Governor Laura Kelly and the Department of Education say about $90 million more is needed to comply with the Supreme Court’s school funding opinion, but school districts now say the amount should be $270 million higher. Bill Brady, lobbying for the districts suing the state (and organized as Schools for Fair Funding), has revoked his support of SB 44, Kelly’s proposal to increase school funding by approximately $90 million each year.
Brady sent an email to Senators who serve on the Senate Select Committee on Education Finance on Feb. 26. He writes in what he called “Amended and Supplemental Testimony on SB 44” that there is a drafting error in the legislation that. He says lawmakers need to add an another $270 million in order to satisfy SFFF and potentially the Kansas Supreme Court.
“Without correction, we cannot support SB 44,” Brady writes.
It’s a stark about-face from what he told lawmakers on Feb. 6 when the Senate committee heard testimony on the proposal.
“If this bill is adopted in its current form and signed by the Governor the parties will simply stipulate to the Court that the issues have been resolved,” he told the committee a few weeks ago.
Senate Majority Leader Jim Denning told Brady that the bill’s inflation calculations might be off by as much as $271 million, and three times, Brady told the committee SFFF would agree to the provisions in SB 44 anyway.
The Court tasked legislators with increasing school funding to address inflation over the last 6 years, and SB 44 uses calculations created and approved by the Kansas State Board of Education.
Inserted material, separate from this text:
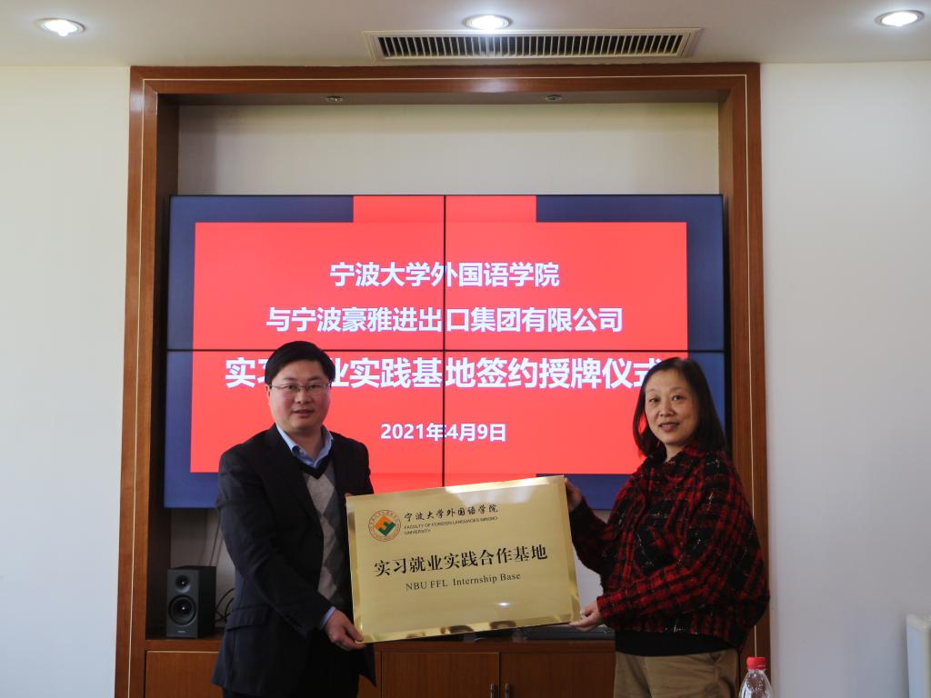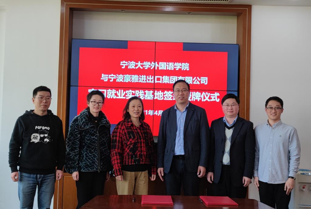 、宁波豪雅进出口集团有限公司在李达三外语楼签署合作协议并授牌,共建实习就业实践合作基地。宁波豪雅进出口集团有限公司集团常务副总蔡井泉、人资中心总经理陈林、人力资源部经理孙云旗,做爱

The Sunflower State Journal first reported Brady’s change of heart. The subscription-required news source reports that Deputy Education Commissioner Dale Dennis denies a calculation error in the legislation.
Brady sent his amended testimony via email to Senators on Feb. 26. Sen. Molly Baumgardner, who chairs the education finance committee, says it’s not testimony; it’s an email attachment.
“We had a hearing on Feb. 6. We continued the hearing on Feb. 12. Everyone knew there was a hearing,” she said. “He had between Feb. 6 and Feb. 12 to make that change. He never submitted new testimony through the proper process.”
The committee will meet to approve the minutes of the Feb. 6 and Feb. 12 hearings next week, and Brady’s amended position will not be included.
Baumgardner calls the situation extraordinary.
“To say that this is highly unusual isn’t a strong enough term for what we’re seeing,” Baumgardner said. “We are seeing, in political language, the largest flip-flop that ever could occur.”
Governor Kelly’s budget already doesn’t comply with state law and this new demand from SFFF would expand the deficit by $561 million as calculated by Kansas Policy Institute. KPI president Dave Trabert said, “Official estimates from Kansas Legislative Research show Governor Kelly’s proposals produce a $1.3 billion deficit over the next four years, and the cumulative impact of this latest school demand increases the shortfall to more than $1.8 billion.”